Was aber ist das für ein Lachen? Lachen wir über Maria alias Françoise, über das Dienstmädchen als Hund? Oder sind wir auf ihrer Seite? Einer der genialen Kniffe dieses Films ist es, wie sehr beide Haltungen ineinander übergehen. Am Anfang erscheint noch Maria als die albern-naive Figur. Je mehr sich jedoch ihre Liebesgeschichte entwickelt, je besser man sie kennenlernt, desto ernster nimmt man sie, und bald ist bloß noch Anne in ihrer Eifersucht auf Marias Glück lächerlich. Wirklich lächerlich.

Diese Politik des Lachens thematisiert Madame gleich selbst. "Du weißt ja nicht einmal, was ihre Lacher bedeuten. Kannst du überhaupt unterscheiden, ob du sie zum Lachen bringst oder ob sie dich auslachen?", sagt Anne zu Maria. Der Film jedenfalls weiß ganz genau, wer die Zuschauer zum Lachen bringen darf und wen er der Lächerlichkeit preisgibt.

Noch deutlicher wird die Selbstreferenzialität in der zweiten Hälfte des Films. Steven, Klischee des schlagfertigen, aber dekadenten und ziellosen reichen Sohnes, litt als Schriftsteller lange an einer Schreibblockade, hat nun aber endlich wieder eine Idee. The Maid wird sein neues Buch heißen. Es erzählt, natürlich, Marias Geschichte. Das Ende allerdings steht noch nicht fest.

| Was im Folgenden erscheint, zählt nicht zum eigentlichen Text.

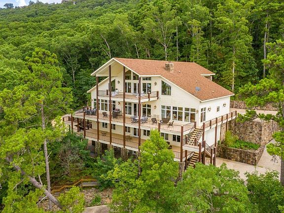 SPECTACULAR 12.43 Acre Greers Ferry Lake Front Estate privately located at the end of the road behind a gate! This 7,798 sq. ft., 5 bed, 5.5 bath mansion also has 3,845 sq. ft. of porches/patios overlooking the 700 feet of lake frontage, showcasing the stunning 180 degree views of Greers Ferry Lake. Inside, the home boasts 4 stories, a professional kitchen large enough to handle the largest groups, 4 different living areas, a towering rock fireplace, a wine cellar and much more! Each bedroom has its own en-suite, but the luxurious main suite is not to be out done! Four of the bedrooms have lake front views & access to the various decks. This home was built for entertaining & the owners would consider selling it furnished. It's currently being used as a seasonal VRBO.
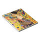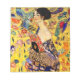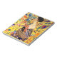 Notepad featuring Gustav Klimt’s oil painting Lady with Fan (1918). A woman wearing a blue kimono holds a red fan against a colourful yellow background of flowers and peacocks. A great gift for fans of Japonisme and European art.
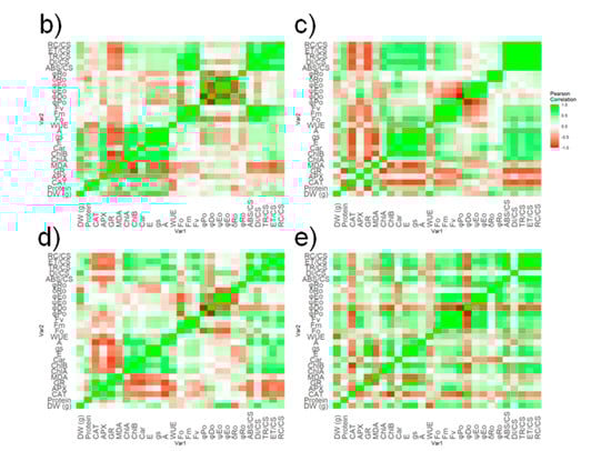 Principal component analysis (a) and heatmaps of correlation between selected parameters for Carex flacca (b), Festuca ovina (c), Potentilla reptans (d), and Trifolium medium (e) under combined drought and heat treatment. Abbreviations: DW (g)—dry weight in grams; Protein—protein content; CAT—catalase; APX—ascorbate peroxidase; GB—glycinebetaine; MDA—maliondialdehyde; ChlA—chloropyll A; ChlB—chlorophyll B; Car—carotenoid; E—transpiration rate; gs—stomatal conductance; A—photosynthesis rate; WUE—water use efficiency; F0—minimal fluorescence; Fm—maximal fluorescence; Fv—variable fluorescence; φP0—maximum quantum yield of primary photochemical reactions; φD0—quantum efficiency of energy dissipation; ψE0—values of probability that a trapped exciton moves an electron into the electron transport chain beyond QA−; φE0—quantum efficiency of electron transfer from QA– to electron transport chain beyond QA−; δR0—probability that an electron is transferred to reduce end electron acceptors at the PSI acceptor side; φR0—quantum yield for the reduction of terminal electron acceptors on the acceptor side of PSI; ABS/CS—absorption flux per CS (leaf cross section), approximated; DI/CS—dissipated energy flux per CS; TR/CS—trapped energy flux per CS; ET/CS—electron transport flux per CS; RC/CS—number of active reaction centers.
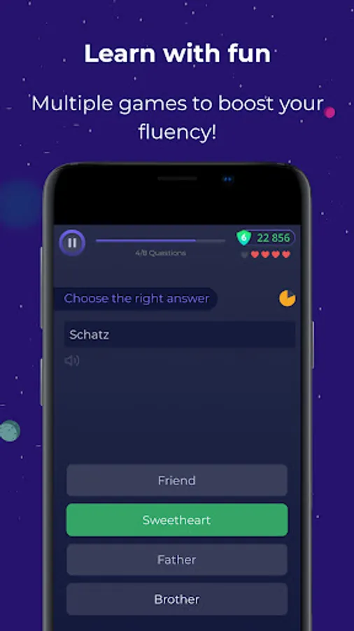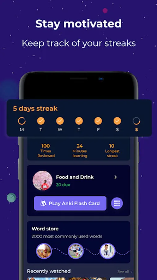 Our Anki-inspired review method uses Spaced Repetition to recognize what you are learning well and nudge you to review only the words you’re weak at. With the help of quick, fun games, you will get to increase your fluency little by little.
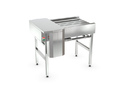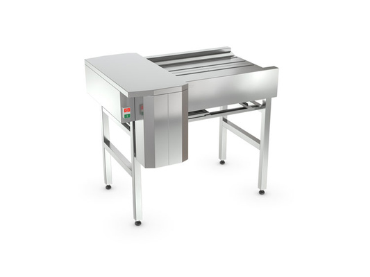 Рабочая поверхность модуля выполнена из нержавеющей стали AISI 430. Каркас выполнен из нержавеющей (AISI 304) трубы сечением 40х40мм. Опорные ножки с пластиковой нижней частью регулируются по высоте в пределах 20 мм. Модуль является неотъемлемой частью транспортера, предназначен для осуществления движения ленты. Модуль оснащен очистителем для удаления прилипшей грязи и поддоном для ее сбора. В качестве привода применен мотор-редуктор мощностью 0,37 кВт. Напряжение сети: 3 фазы, 380 В, 50 Гц. Скорость движения ленты – 20 см/с. Максимальная нагрузка на ленту – 15 кг/пог.м. Ширина ленты – 450 мм.
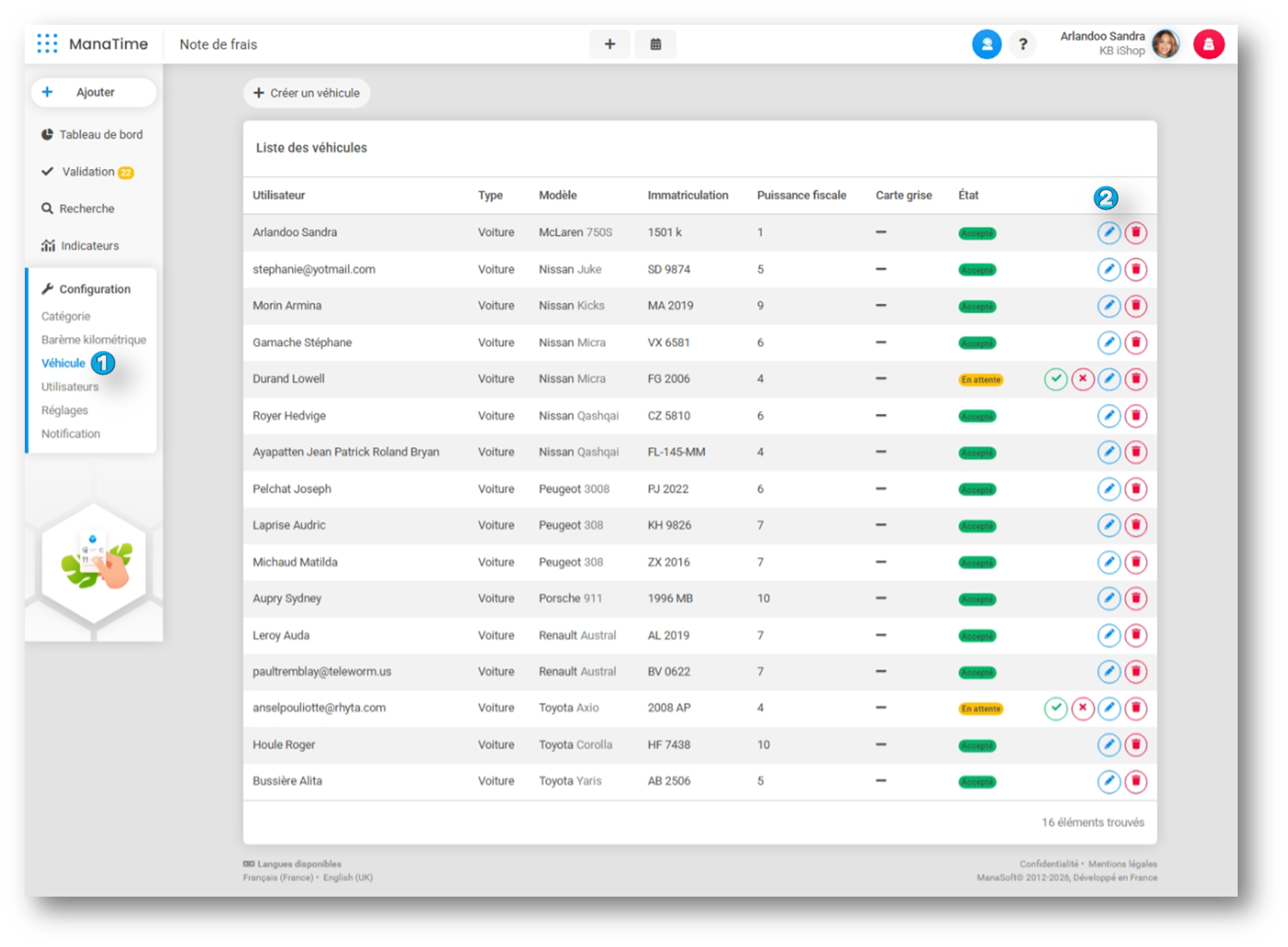 Sur ManaTime, vous avez la possibilité d'ajouter une carte grise à un ou plusieurs véhicules !

"People love happy endings", hat Maria schon während des Abendessens gesagt. "Sie können einfach nichts dagegen tun." "People?", fragte Stevens Lektor skeptisch zurück. Deutlicher kann der Dialog kaum darauf hinweisen, dass Erzählfragen in diesem Film immer auch gesellschaftspolitische, um nicht zu sagen: klassenpolitische Fragen sind. Das Volk liebt Happy Ends – das "einfache Volk". Die Oberschicht, die kunstgeschulte zumal, ist sich für Happy Ends zu fein. Wirklich nötig haben die ja ohnehin nur jene, die im wahren Leben nicht dafür sorgen können, dass alles gut ausgeht.

Von Stevens neuem Buchprojekt ist der Lektor übrigens begeistert. "Brillant" findet er es und fügt strahlend hinzu: "Und weißt du was? Es ist sogar politisch!" Die politische Aussage als Marketingstrategie, auch das denkt der Film schon mit. Er sucht, im Gewand der Komödie, durchaus die Konfrontation mit dem Zuschauer, indem er sich vor allem über die scheinheilige Toleranz und Offenheit lustig macht. Niemand will heute mehr ein böser Unterdrücker sein.

Subtile Gewalt gegen Hausangestellte

Vor ein paar Jahren erzählte der griechische Film Sto Spiti von ebensolch subtiler Gewalt gegen eine Hausangestellte. Und zuletzt hat die preisgekrönte amerikanische Horrorkomödie Get Out das Thema auf den Rassismus bezogen und unsere vermeintliche Toleranz und Offenheit perfekt persifliert und auf die Spitze getrieben.

Könnte Madame das Get out für die Diskriminierung sozialer Klassen sein? "Spiel hier nicht das Opfer. Du weißt, ich bin mein Leben lang schon Demokratin!", sagt Anne einmal zu Maria. Und kurz darauf kommt selbst die klare Drohung im perfekten Höflichkeitsschafspelz daher: "Deine Tochter ist so talentiert, ich fühle mich geehrt, ihre Ausbildung bezahlen zu dürfen. Ich fände es furchtbar, wenn ich gezwungen würde, damit aufzuhören."

Obwohl Madame im Gegensatz zum Kindermädchen bei Slimani und dem Alltagsrassismus in Get Out weit entfernt von der aktuellen Realität wirkt – Wer hat schon noch mehrere Hausangestellte? Wer würde ihnen ernsthaft ihre Liebe verbieten? –, ist er eine schöne, böse kleine Filmperle. Und so lange sich Leute über Eribon aufregen, tut es gut, zu zeigen, wie schnell das Lachen die Seiten wechseln kann. Françoise war lange genug komisch.